Criança, em qualquer situação de maior necessidade, precisa de pai e/ou mãe disponíveis. Confesso que ainda não descobri a fórmula mágica de como equilibrar todas as tarefas “de adulto” com um filho que precisa ainda mais de nós, em dias de doença. Se tivesse descoberto, estava rica e sofreria muito menos ao ver meus filhos doentes. Mas baixando as minhas expectativas aprendi a viver melhor. E imigrar nos ensina muito como baixar as expectativas. O chão não precisa estar maravilhosamente limpo, aquele trabalho urgente pode ser entregue amanhã ao invés de hoje, se eu não tenho todos os legumes que eu quero para fazer a sopa do filho doente, uma sopinha de batata, cenoura e cebola vai ficar bem gostosa, se feita com muito amor.

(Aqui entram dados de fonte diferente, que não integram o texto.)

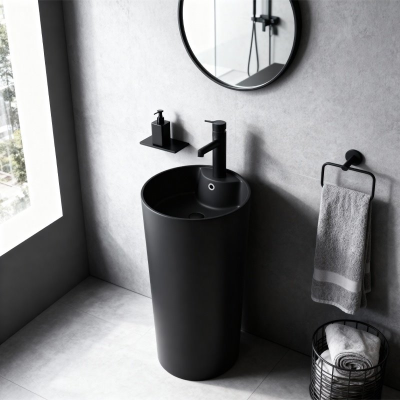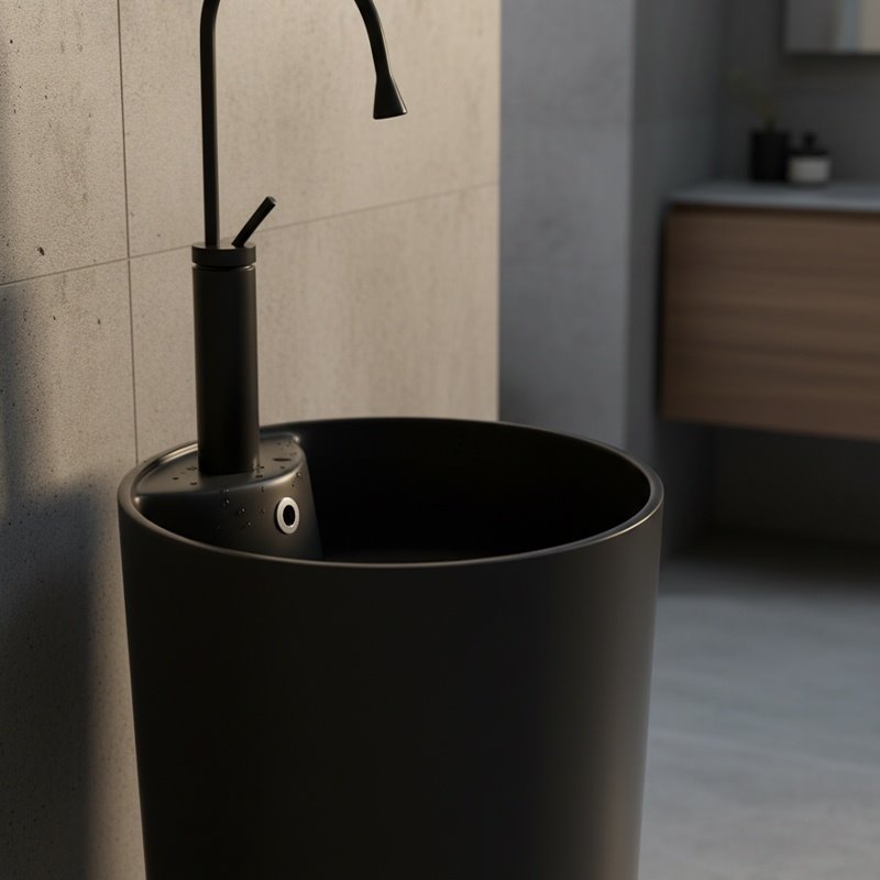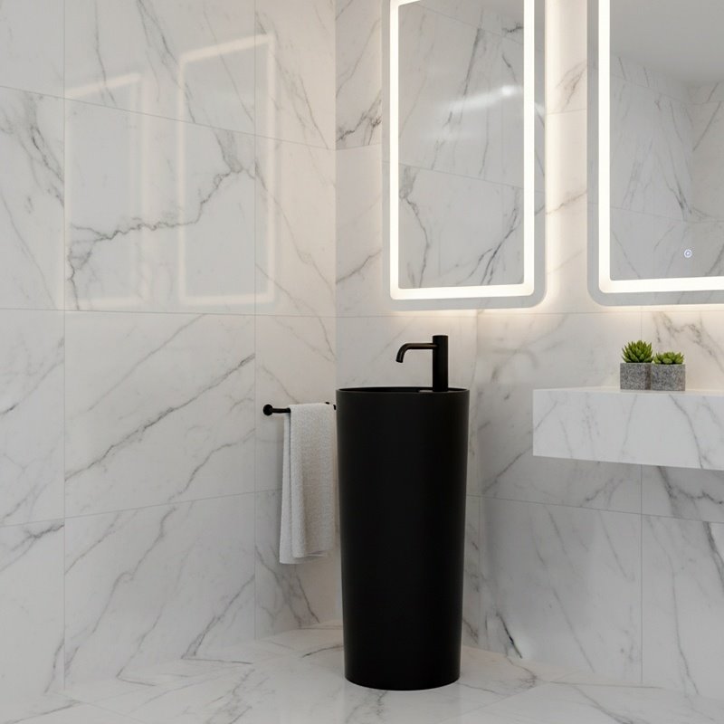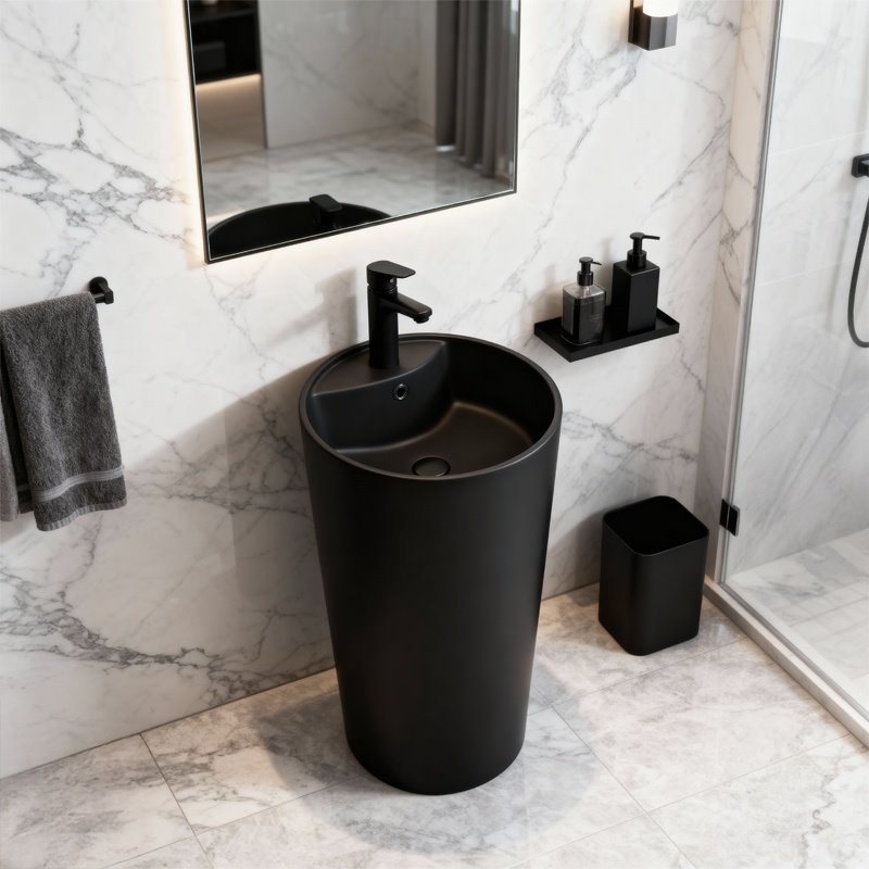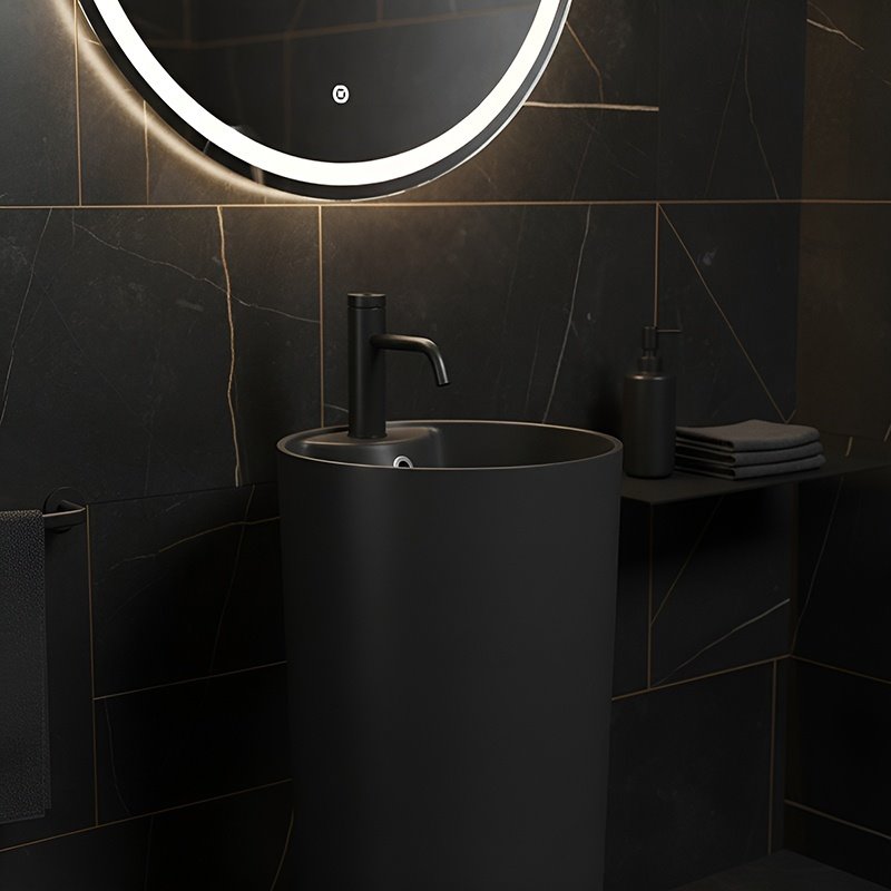 Klasyczna czerń nadaje umywalce elegancji i sprawia, że świetnie komponuje się zarówno z nowoczesnymi wnętrzami, jak i bardziej stonowanymi, ponadczasowymi aranżacjami.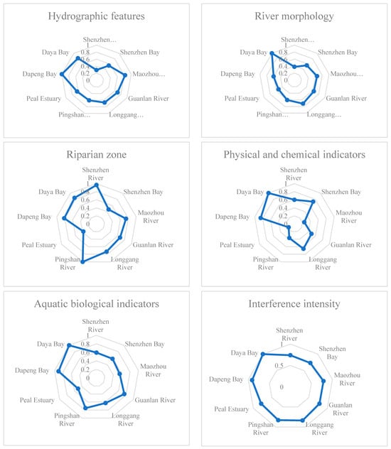 The average value of each criterion level index evaluation score of the nine major basins is normalized to the maximum value, and the analysis results are shown in Figure 2. In general, the assessment results of river hydrology, morphology, aquatic organisms, physical and chemical properties of the water body, and disturbance intensity of Daya Bay and Dapeng Bay basin, both in the east of Shenzhen, are obviously better than those of other basins. Specifically, the normalized scoring range of river hydrological criteria layer indicators is 0.29~1.00, with an average of 0.66. The relative score of the Dapeng Bay basin is the highest, and that of the Shenzhen River basin is the lowest. The normalized score range of the river form criterion layer index is 0.38~1.00, with an average of 0.63. The relative score of the Daya Bay basin is higher, while that of the Shenzhen River basin is the lowest. The normalized score range of the riparian zone criterion layer index is 0.38~1.00, with an average of 0.74. The relative score of the Pingshan River basin is the highest. The relative scores of the Pearl River Estuary and Shenzhen Bay are low. The normalized score range of indicators in the physical and chemical criteria layer of the water body is 0.16~1.00, with an average of 0.57. The relative score of the Daya Bay basin is the highest, the relative score of the Pearl River Estuary and the Maozhou River basin is low, and the water quality is generally poor. The normalized score range of interference intensity criterion level indicators is 0.73~1.00, with an average of 0.82. The relative score of the Daya Bay basin is the highest, the relative scores of Shenzhen Bay and the Shenzhen River Basin are relatively low, and the interference of human activities is relatively strong.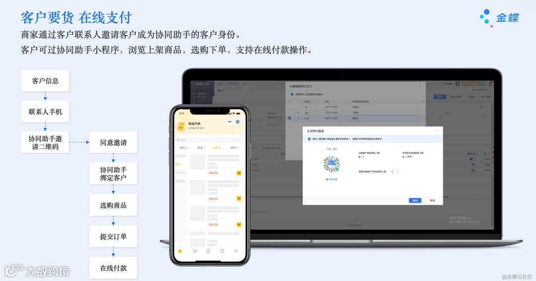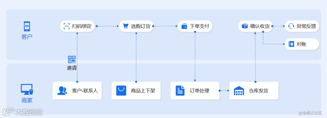 在商家端,商家可以通过客户联系人管理、商品上下架、订单处理、仓库发货和客户对账等操作来支持整个业务流程。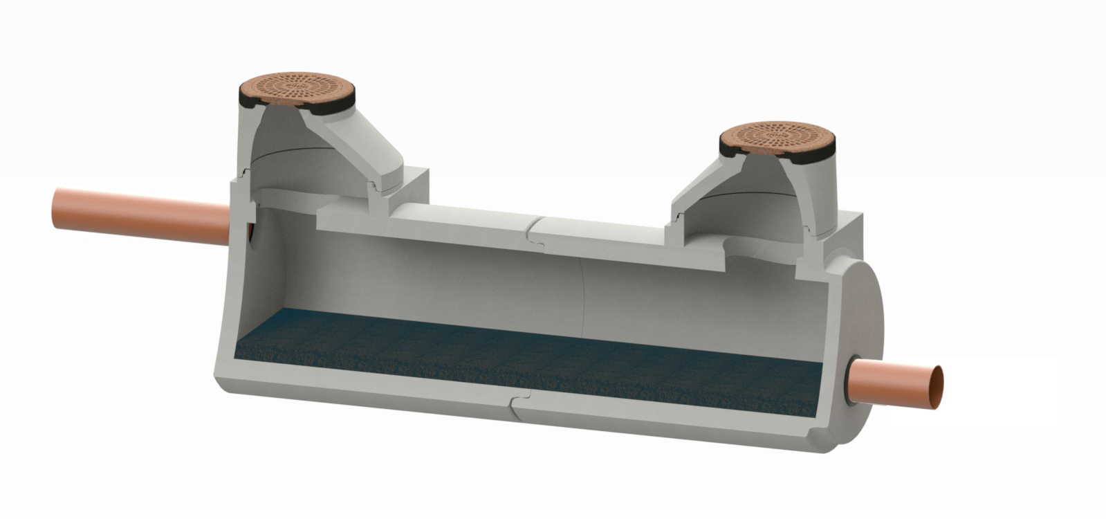 Betongrør fra DN1000 med DN650 nedstigningsmuligheter gjør tilsyn enkelt, og rørets jevne og buede overflate gjør tømming svært effektiv ved bruk av vanlig spyleutstyr.
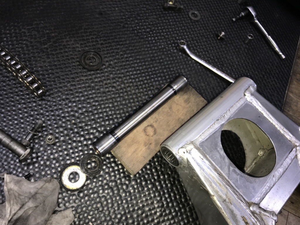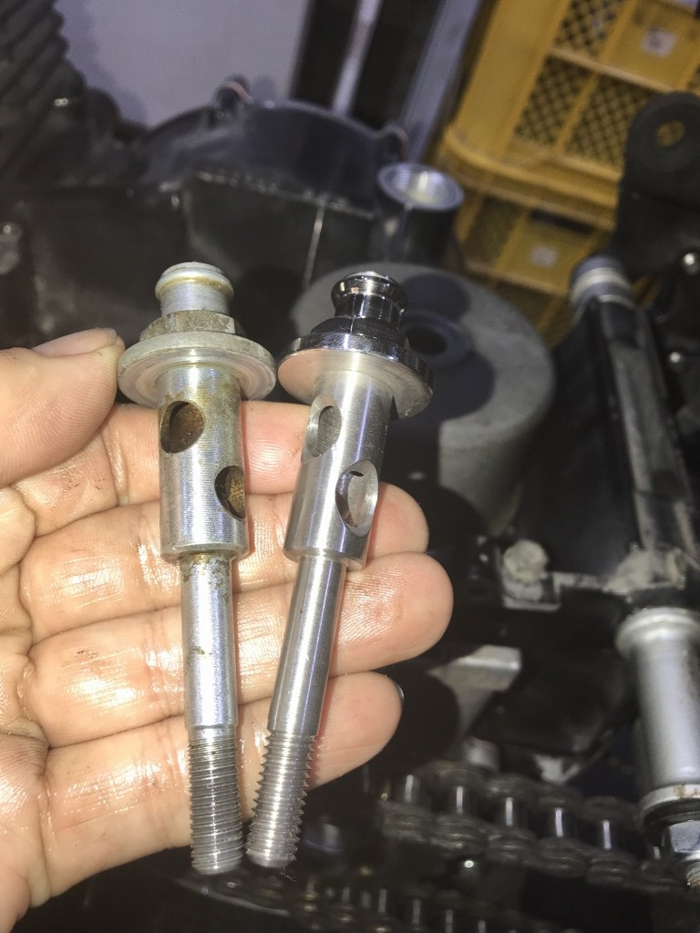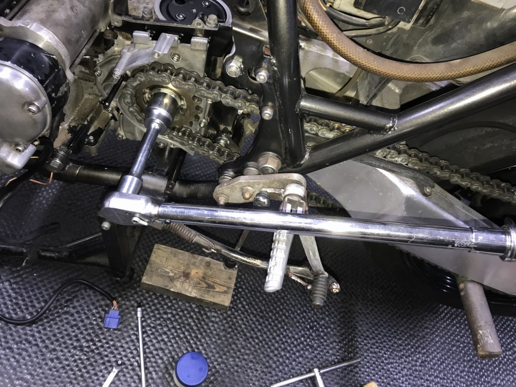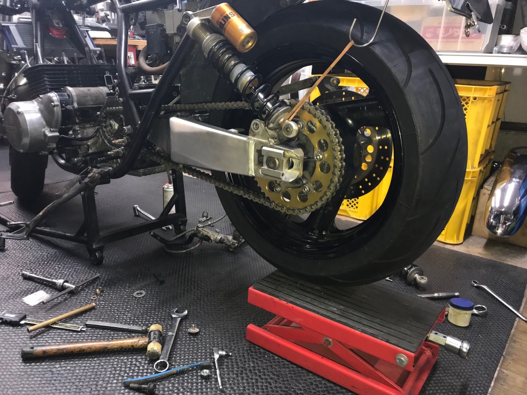 このまではチェーンが短すぎるので、チェーンはコマ数の多い物に交換することに。エンジンを脱着すると、若干エンジンは前に寄るのですが、それを考慮しても現在のチェーンは短いです。スイングアームの垂れ角の大きい車両は、チェーンの張り調整を間違い張り過ぎていると、3軸のベアリングの破損に繋がるので要注意です。
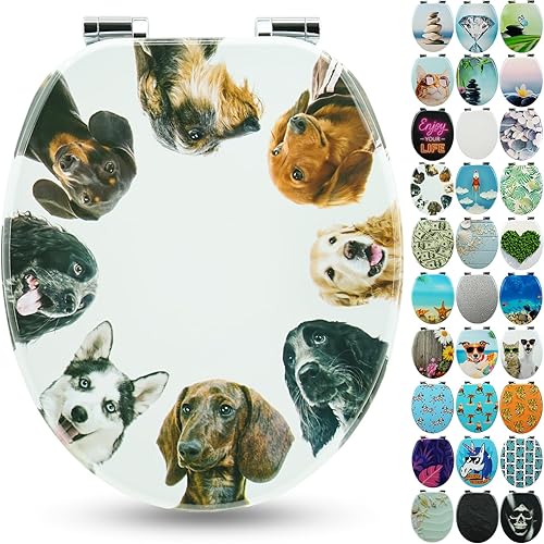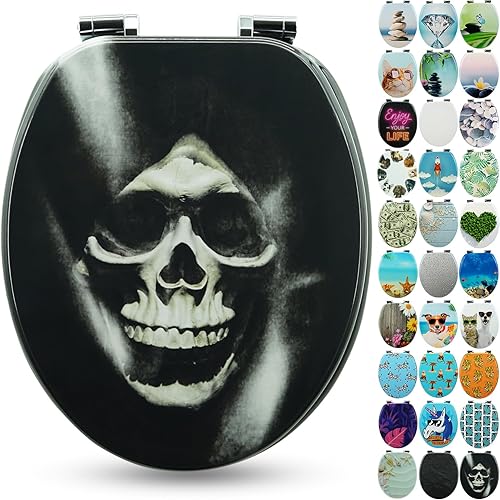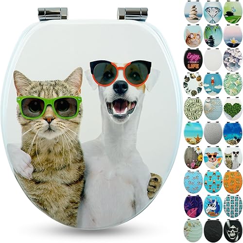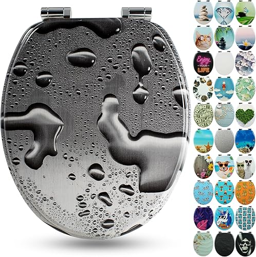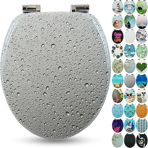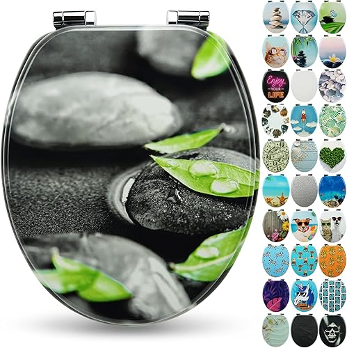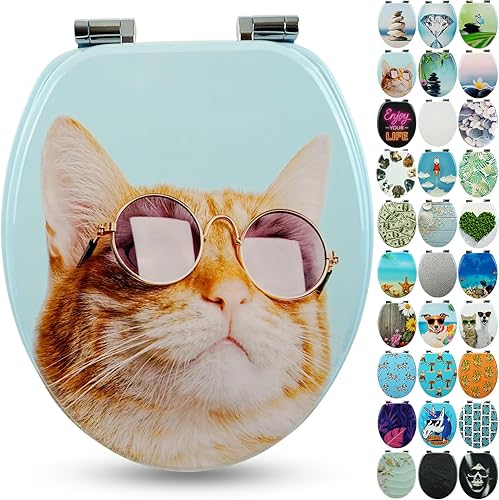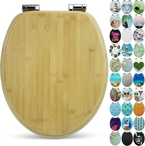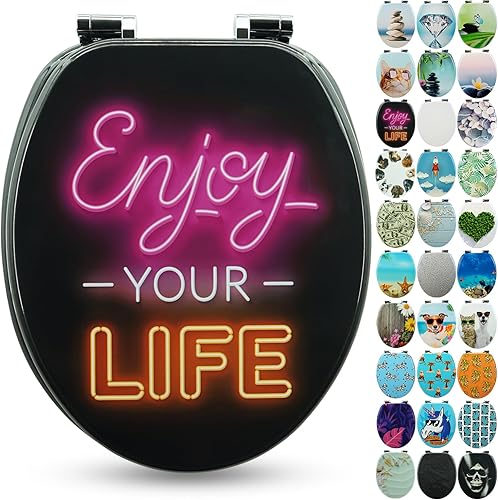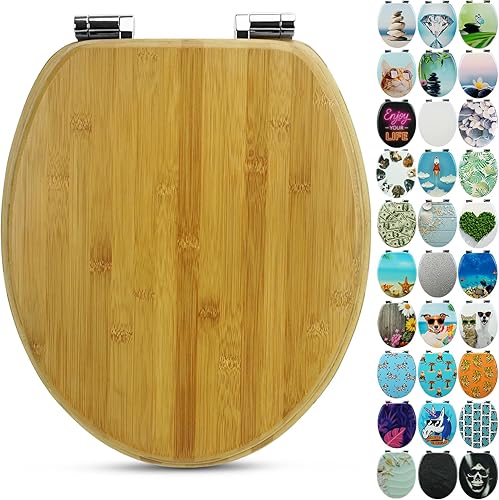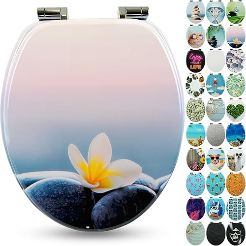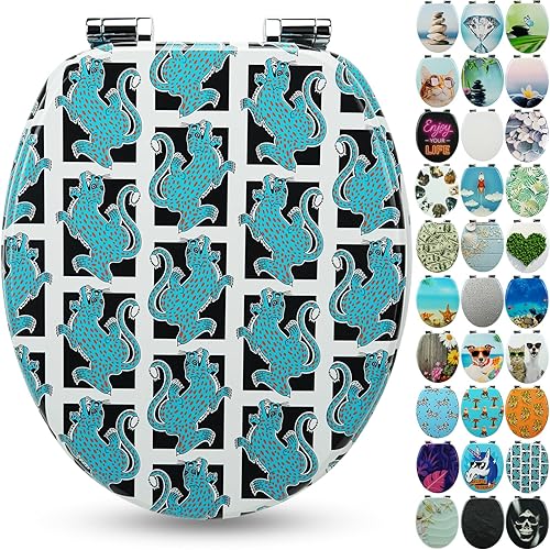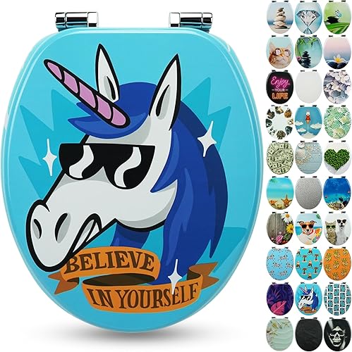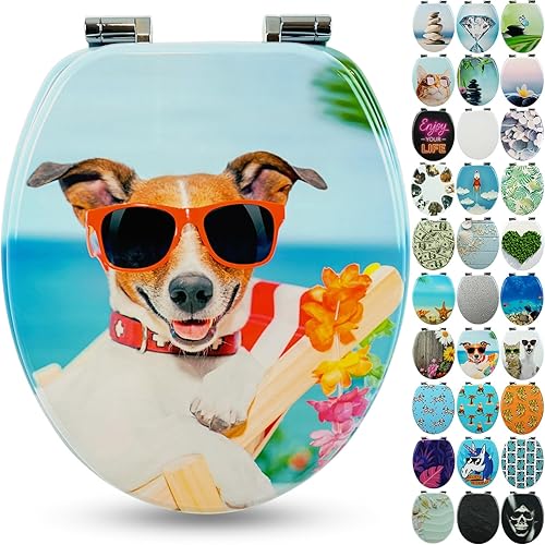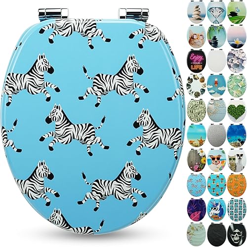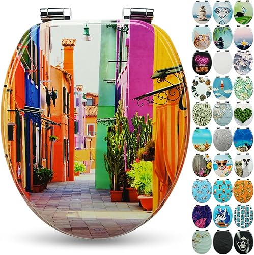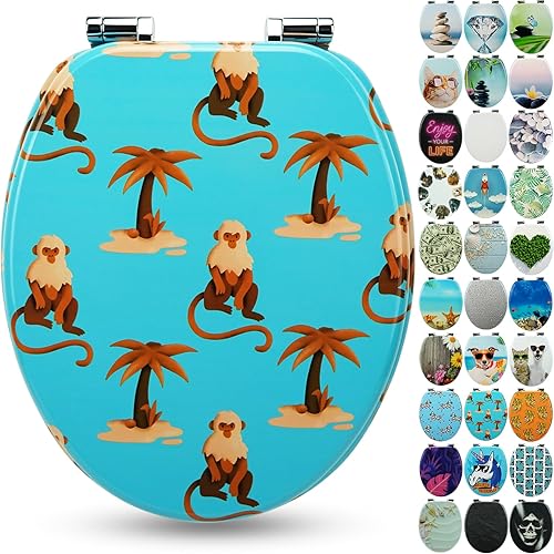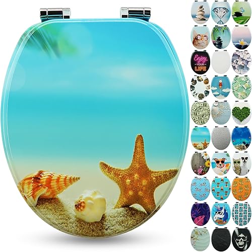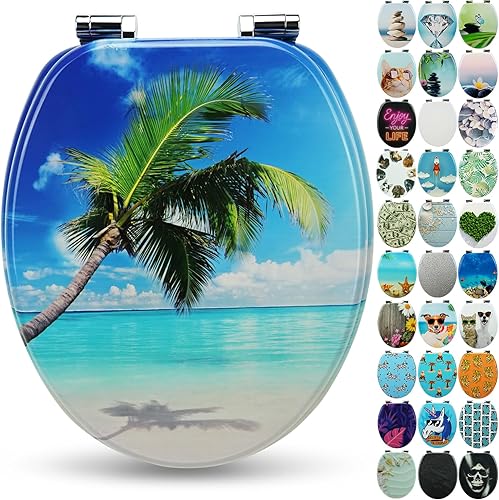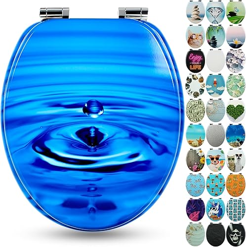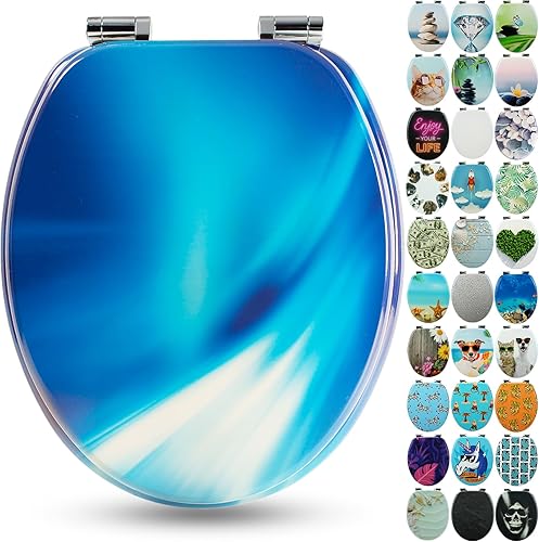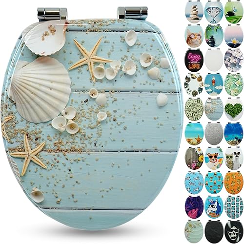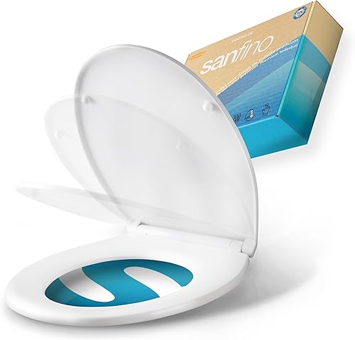 SANFINO® Premium WC Sitz mit Absenkautomatik – hochwertige Toilettendeckel aus Holz, viele bunte Motive, hoher Sitzkomfort, einfache Montage inklusive Montageanleitung – 'Caribbean Blue'

E, repito, é disso que criança doente precisa: amor, acolhimento e pai e/ou mãe disponíveis de verdade. Olhando para ela nos olhos, vendo de verdade suas necessidades, entendendo nas entrelinhas o que ela precisa naquele momento. Nós pais muitas vezes traduzimos para a criança o que ela precisa e nem sabe que precisa. E criança aprende por exemplo, não pelo raciocínio. Se ensinamos aos nossos filhos que, quando doentes, não podemos parar, escutar o corpo que conversa conosco e temos que mandar o “corpo ficar quieto”, é assim que eles vão se comportar em muitas outras situações da vida: mandando o corpo, a alma, as emoções ficarem quietas, não escutando o que se tem que escutar, não se abrindo ao que se tem que se abrir. E é só nos abrindo, saindo das nossas “caixinhas” que crescemos. Em TODOS os textos do Brasileirinhos pelo Mundo as colunistas escrevem o quanto imigrar, se abrir a um outro país, a uma outra cultura, a uma outra língua, as fez crescer e evoluir.
Se seu filho ficou doente, não o leve para a escola, mesmo que ele esteja melhor depois que você deu a medicação antitérmica. Se ele está doente, ajuste suas tarefas, seu dia, para caber dentro da doença dele, dentro das necessidades dele. Pergunte com calma e amor quais são as suas angústias, o que o está incomodando, o que dói na alma e no corpo (porque foi por isso que a doença veio). As crianças nos ensinam que, ao se dar conta daquela situação, ao falar, ao verbalizar o que não está legal, a maior parte se resolve. E aí a doença não tem mais necessidade de ficar e pode ir embora devagarinho.